All of this comes out of the box touted by the manufacturer and developer
as "plug and play." In reality, of course, it is plug and
prayer — and then call in your network consultant to try to make
sense out of the chaos. So last week the bad news for us was that
chaos. The good news was that same chaos, which meant that at the
very moment the "I love you" virus struck here, our consultant
was already on the premises.
The chaos made us consider a few harsh realities concerning E-mail.
First is that our policy of not opening attachments from unknown correspondents
seems more practical than ever. We instituted the policy not to protect
us from viruses but rather to save ourselves from the frustration
of trying to open files transmitted in formats that defy our existing
Next comes the observation that your precious E-mail — once arriving
at our desktop (and assuming that we can read it) — essentially
gets one reading and one reading only by the person who opens it.
A fax, in contrast, gets read by the person who collects it and then
by the person to whom it is directed. The fax, moreover, can sometimes
be targeted for several people to read, relevant passages are highlighted,
and so on. Call us lazy, but the fact is that our editors seldom print
out E-mail messages and then give them the same "hard copy"
treatment that they give the old fashioned fax or snail mail.
Finally we have to dispel a myth about E-mail: Even though our editorial
deadlines are firmly stated in each issue, we now have a growing number
of people who think that E-mail can somehow be instantly transformed
into the (usually) tight and bright writing that fills these pages.
That it cannot probably frustrates us more than you.

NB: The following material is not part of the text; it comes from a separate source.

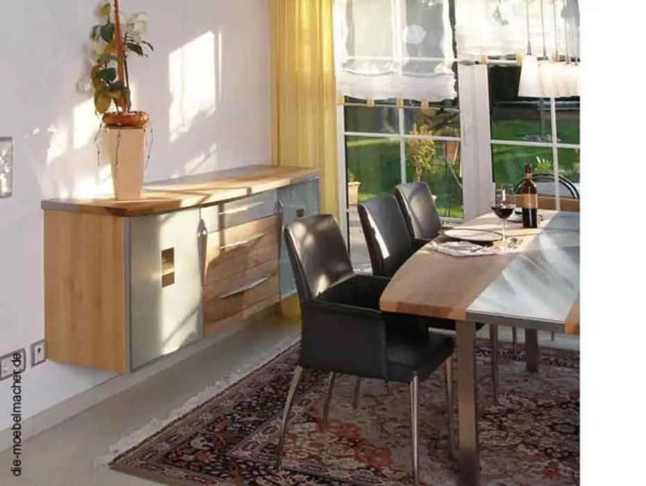 Dazu das passende Hängeboard mit der gleichen Einlage und einer Schubladenfront aus Holz und Edelstahl. Die Stühle Mikono mit oder ohne Armlehnen aus der Diners Serie von Jori sind immer noch die einzigen, die dank ihrer Herkunft aus einer Polstermöbelfabrik bisher ungeahnten Sitzkomfort bieten.

THE SECOND SET of hearings on re-franchising RCN will be held at the
Princeton Township offices on Valley Road on Tuesday, May 16, at 8
p.m. Why bother to come? At least two reasons stand out. At the Borough
meeting RCN representatives were apparently stunned at the large hostile
turnout. As a result the Joint TV-Cable Committee is already finding
that their requests for help, so long ignored, are now being responded
to promptly by RCN personnel.
But there are even better reasons. We are surrounded by Comcast, which
offers superior service at lower prices. Comcast has indicated that
if invited it will make a presentation to also offer its service in
Princeton. Another good turnout will encourage the Joint Committee
to demand more in its RCN negotiations.
And in addition to asking RCN about its high prices and shortcomings,
let’s also ask them why Comcast can supply its subscribers with two-way
cable modems and RCN cannot.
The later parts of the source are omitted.